## Records for this exercise
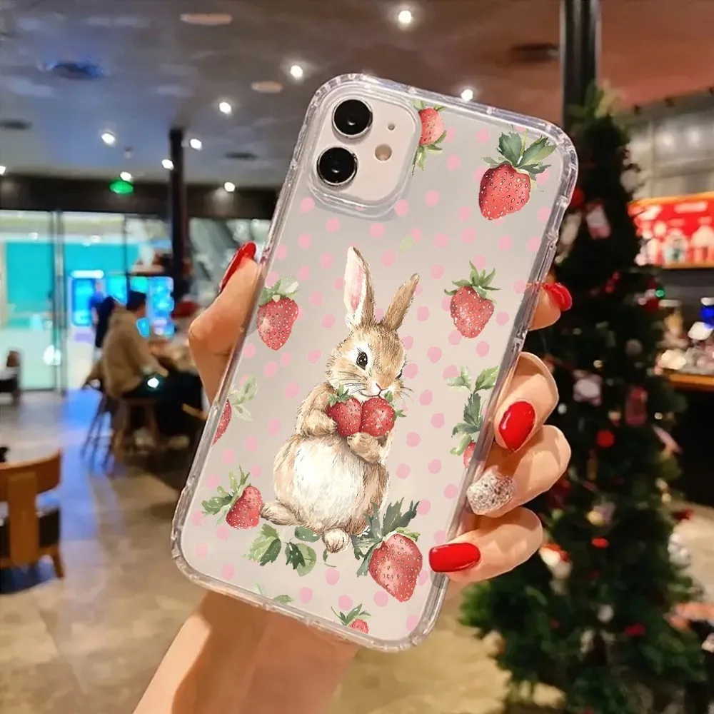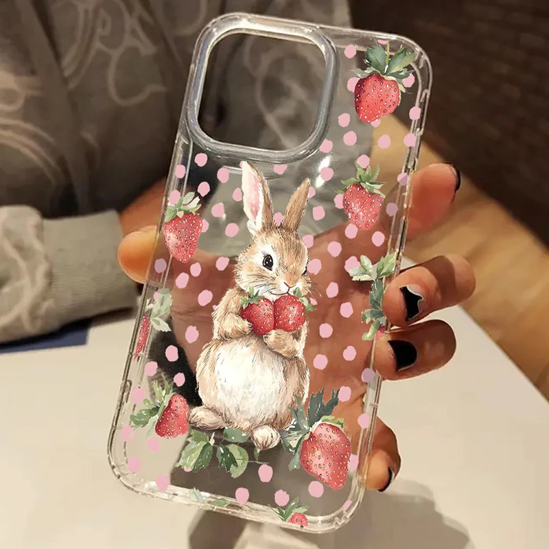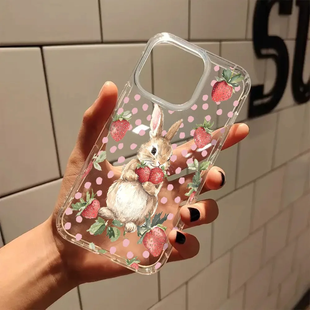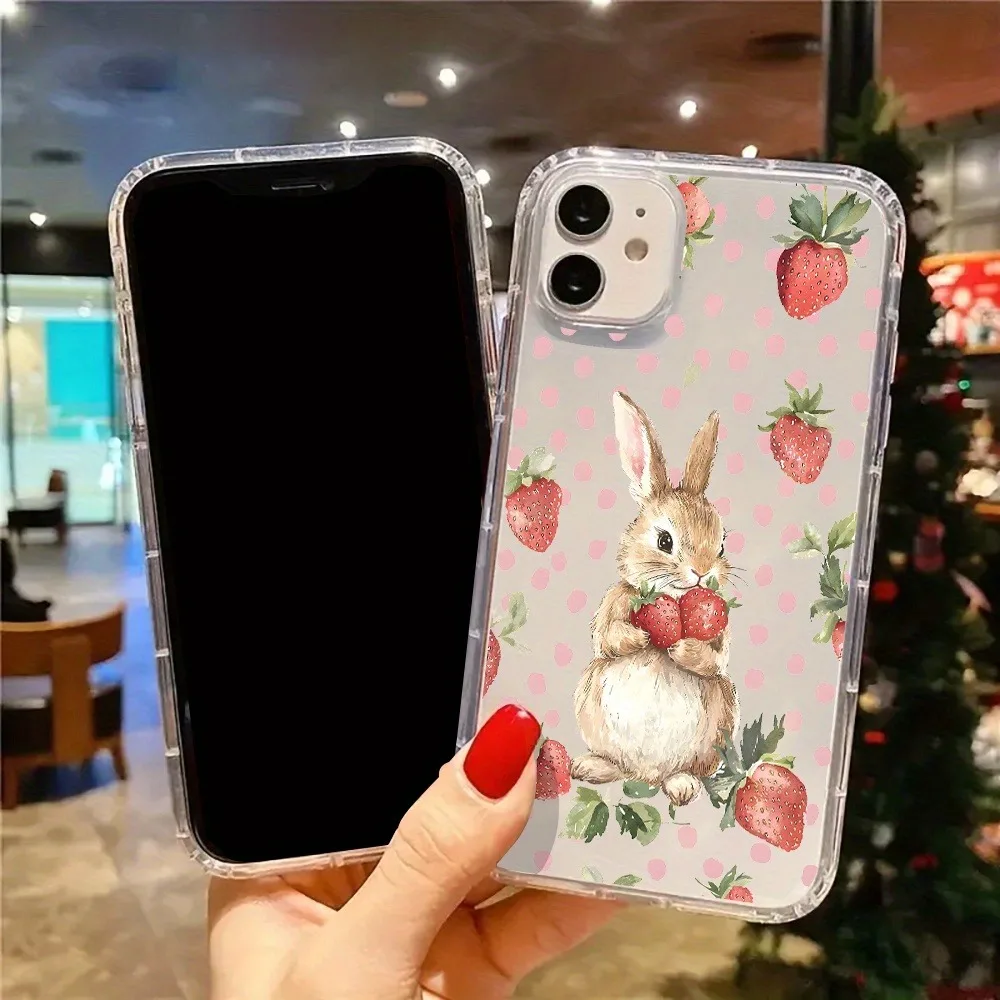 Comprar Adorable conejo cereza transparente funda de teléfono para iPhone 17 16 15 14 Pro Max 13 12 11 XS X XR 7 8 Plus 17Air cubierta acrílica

--

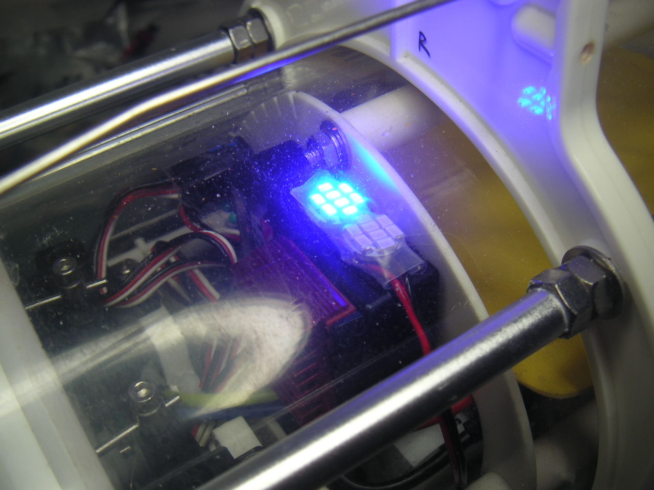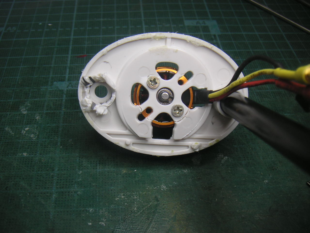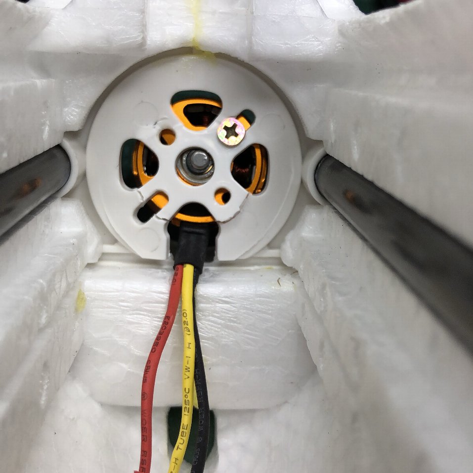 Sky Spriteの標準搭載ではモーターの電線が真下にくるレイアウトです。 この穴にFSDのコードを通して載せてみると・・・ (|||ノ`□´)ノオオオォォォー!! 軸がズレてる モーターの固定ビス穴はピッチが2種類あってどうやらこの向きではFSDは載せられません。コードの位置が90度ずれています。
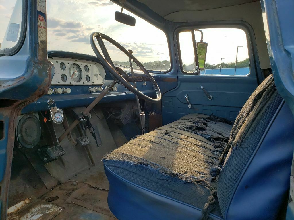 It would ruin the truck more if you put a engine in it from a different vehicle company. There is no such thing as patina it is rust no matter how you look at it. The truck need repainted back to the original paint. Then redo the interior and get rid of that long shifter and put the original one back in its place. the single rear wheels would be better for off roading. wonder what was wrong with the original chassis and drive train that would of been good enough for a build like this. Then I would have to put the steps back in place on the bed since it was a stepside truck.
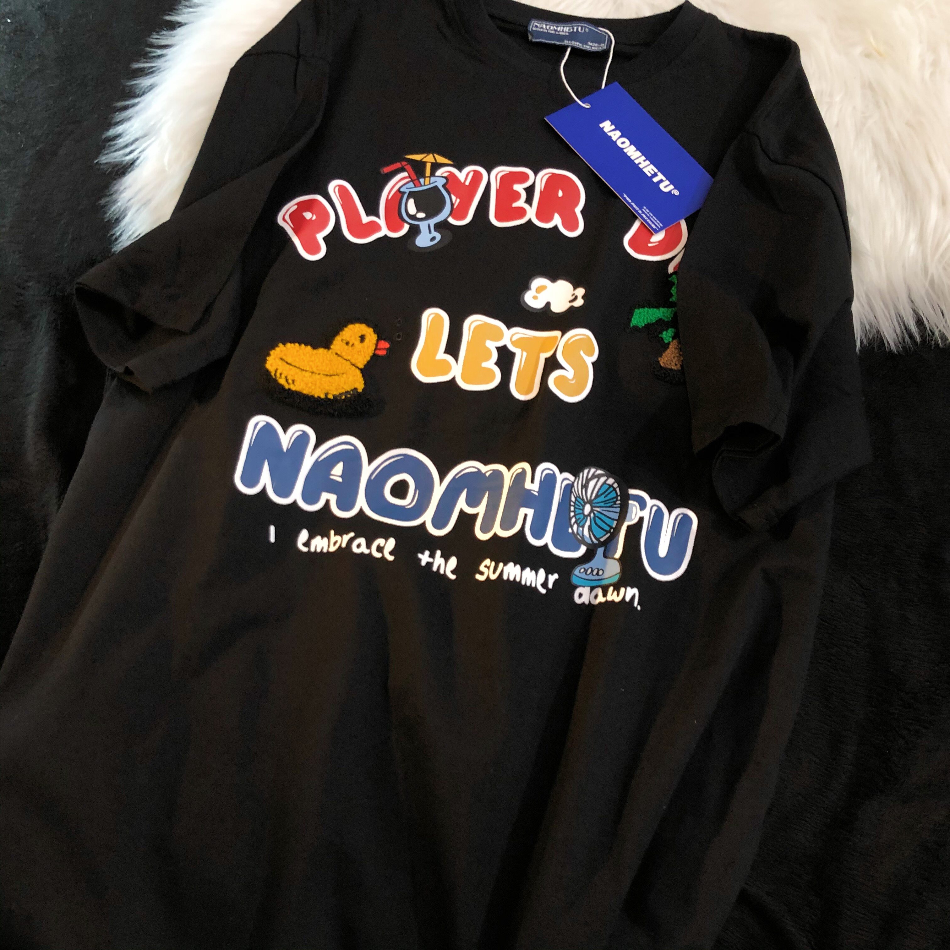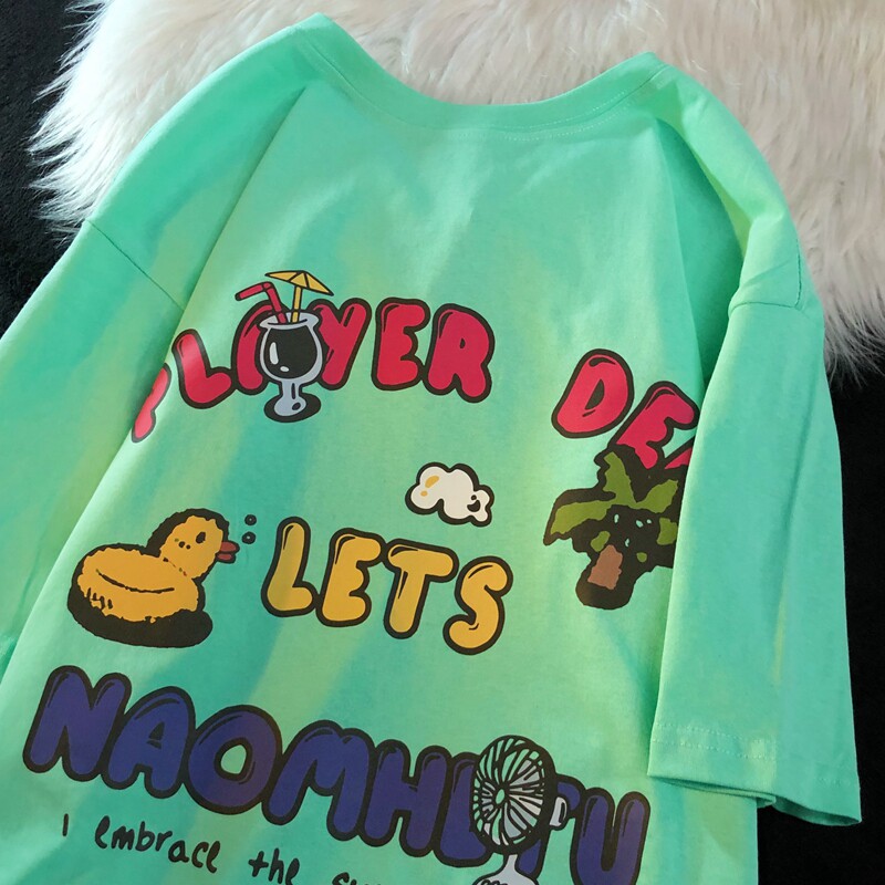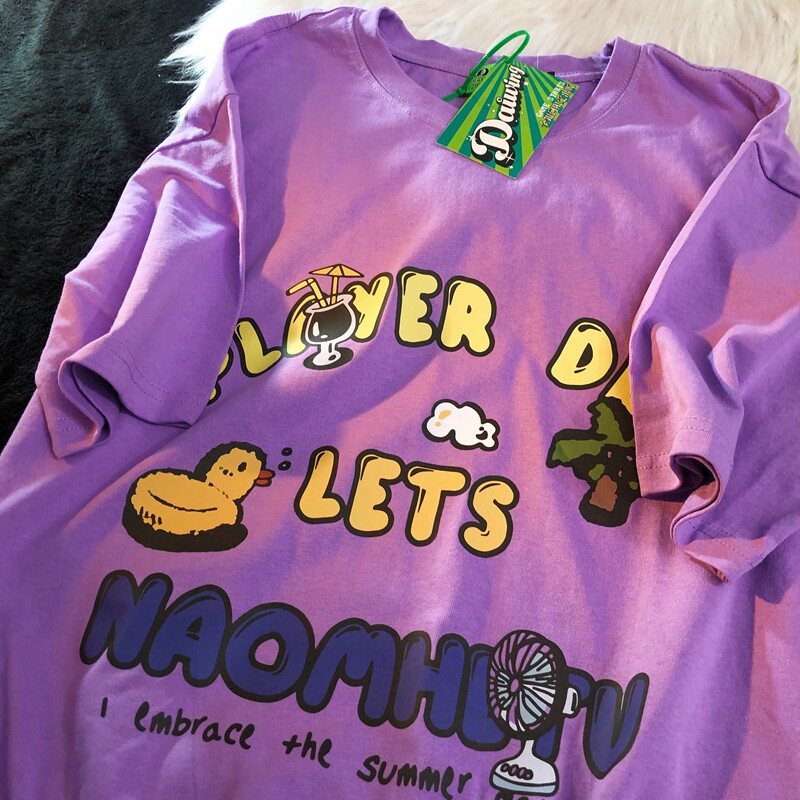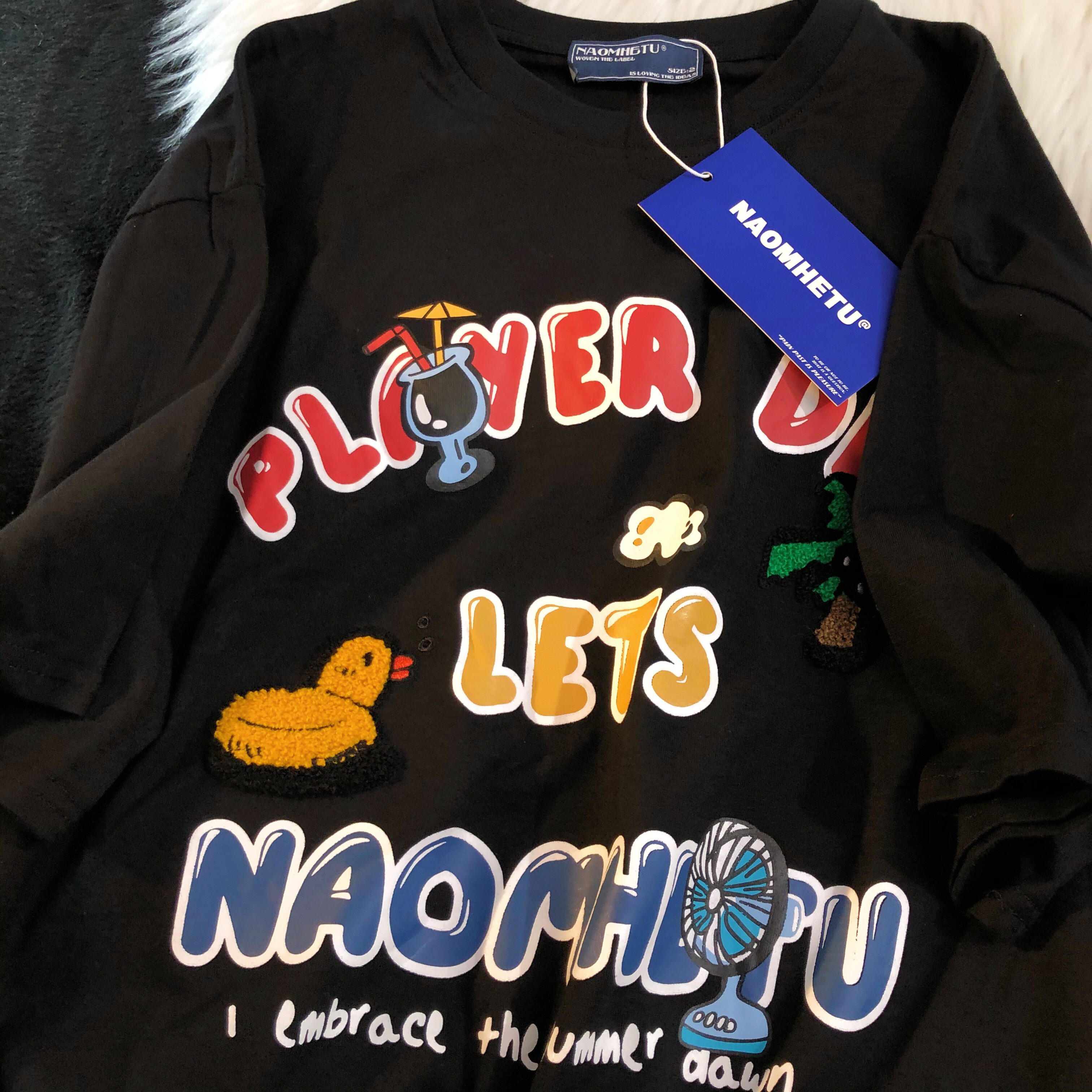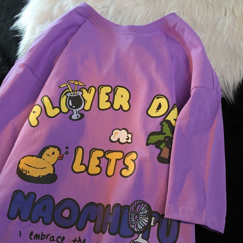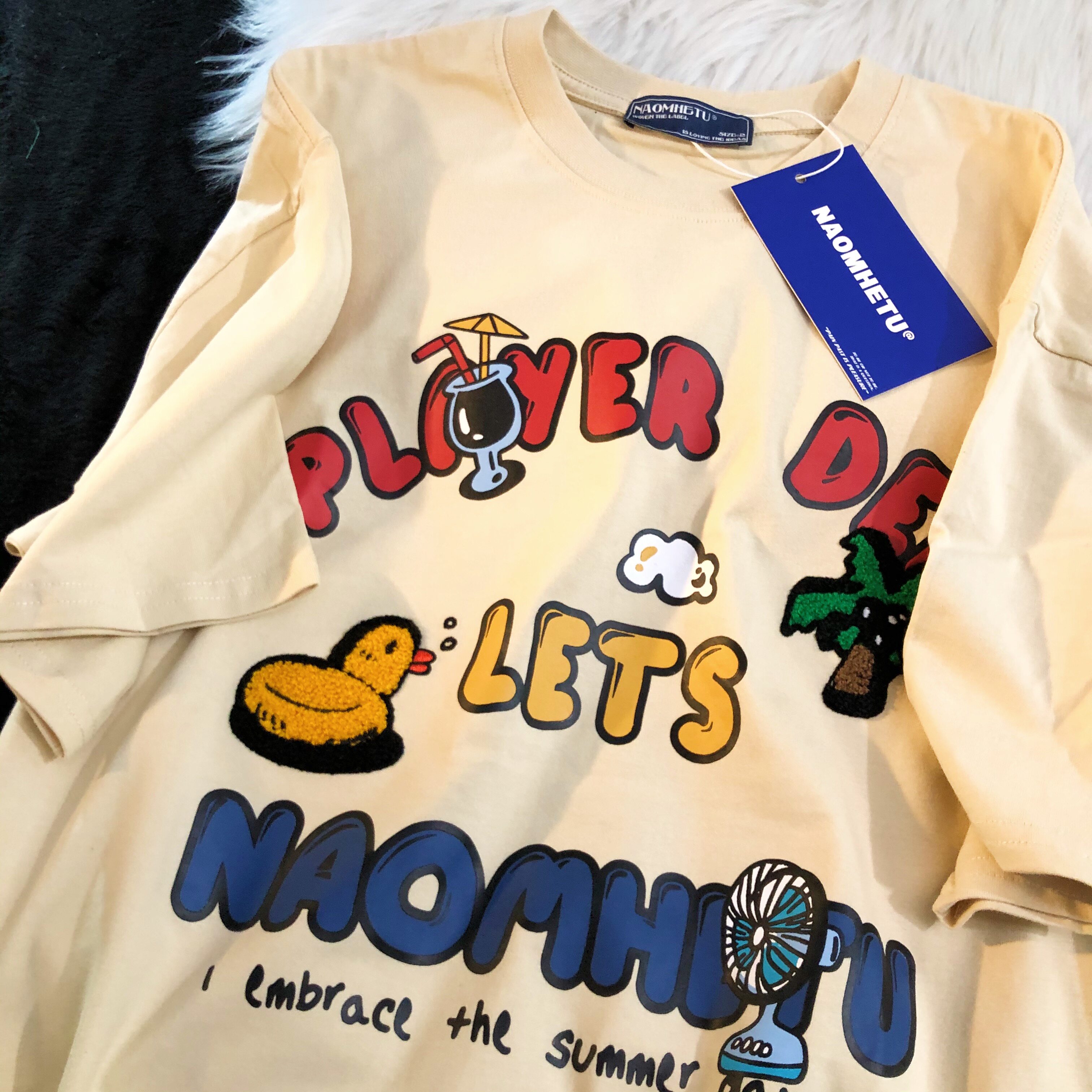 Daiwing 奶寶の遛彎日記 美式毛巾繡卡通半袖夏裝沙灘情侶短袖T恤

## Work required
In the listing above, find the line with "It would ruin" and output it and every line after it up to and including the line with "Daiwing 奶寶の遛彎日記 美式毛巾繡卡通半袖夏裝沙灘情侶短袖T恤", exactly, minus the pictures.

## Your response
 It would ruin the truck more if you put a engine in it from a different vehicle company. There is no such thing as patina it is rust no matter how you look at it. The truck need repainted back to the original paint. Then redo the interior and get rid of that long shifter and put the original one back in its place. the single rear wheels would be better for off roading. wonder what was wrong with the original chassis and drive train that would of been good enough for a build like this. Then I would have to put the steps back in place on the bed since it was a stepside truck.
 Daiwing 奶寶の遛彎日記 美式毛巾繡卡通半袖夏裝沙灘情侶短袖T恤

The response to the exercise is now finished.